The big takeaway from today's "Future of Housing Finance" conference at the U.S. Department of Treasury was that everybody agreed to agree – more or less. It was a given that Fannie Mae and Freddie Mac will be put into retirement, eventually.As Treasury Secretary Timothy Geithner said in his introductory remarks, "This administration will side with those who want fundamental change."
And all dozen panelists clearly bought into Geithner and HUD Secretary Shaun Donovan's not-so-secret agenda: making mortgage credit widely available and supporting affordable housing, including rentals. Of course, this was no coincidence.
The dozen panelists were handpicked by Treasury and HUD, and the ultimate purpose of this summit was to get a broad spectrum of opinion-makers on record in support of the Obama administration's reform plans. Geithner and Donovan will need a big crowd of united supporters behind them when they take this show to Congress in the next session, and what until now has been a mostly technical policy discussion turns into full-blown circus.
But still, it isn't every day that you have agreement on anything from a group that includes executives from Wells Fargo and Bank of America; the head of the National Urban League; bond guru Bill Gross of PIMCO; economist Mark Zandi; mortgage-backed securities pioneer Lewis Ranieri; and a stellar cast of housing experts from academia, think tanks and foundations. What they all said in their own very distinctive ways was that there is no way that low-interest, long-term mortgages are going to be available to a large number of Americans without the federal government making sure, in some way, that it happens.

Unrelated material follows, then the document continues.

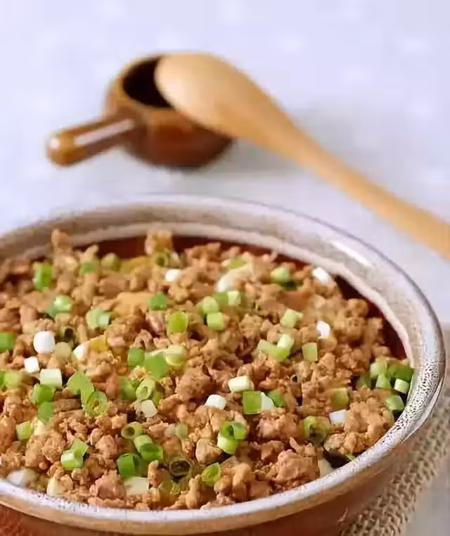 2.肉切末會用攪拌器攪打成肉泥,用勺料酒,少許鹽醃製片刻,十分鐘左右即可。
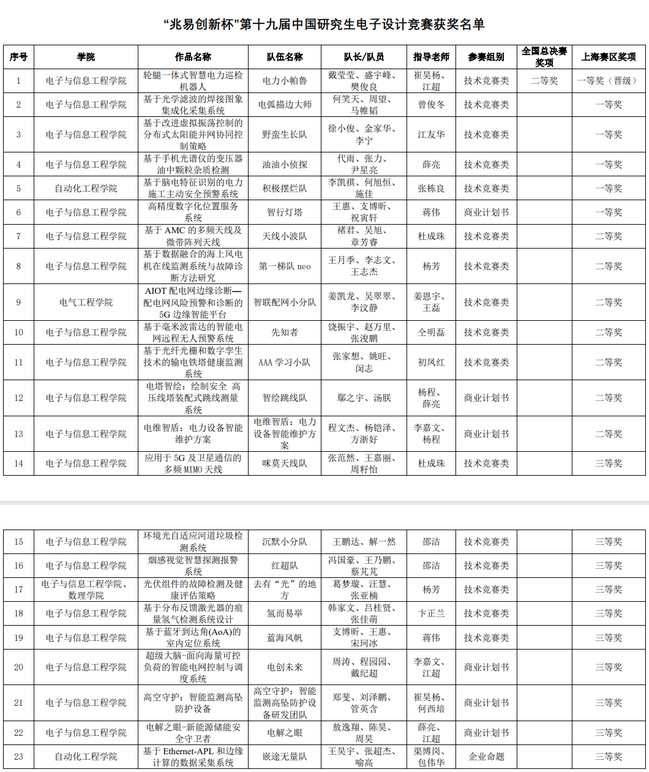 本届大赛公司共选拔29支参赛队伍,最终24支队伍获奖,获得各类奖项共31项。公司最终荣获全国总决赛二等奖1项;在上海赛区比赛中,荣获技术竞赛类一等奖5项(1项晋级)、二等奖5项、三等奖6项;商业计划书类一等奖1项、二等奖2项、三等奖3项;企业命题类三等奖1项。公司荣获“上海赛区优秀组织单位”(共6所高校)。崔昊杨、曾俊冬、江友华、薛亮、张栋良、蒋伟6位指导教师被评为“上海赛区优秀指导教师”。

Mortgage rates could jump by 3 to 4 percent in a solely private market
Bill Gross of PIMCO, one of the country's biggest bond investors, says his firm is staying far away from private mortgage-backed securities because of enduring uncertainty about their performance, and will only consider investing in mortgages where borrowers make 30 percent down payments. He estimated that if privately backed mortgages were the only game in town, mortgages would cost three to four points more than they do now. Gross advocated for a complete government takeover of the mortgage markets by a single agency. Said Gross: "To suggest that there's a large place for private financing in the future of American housing finance is unrealistic."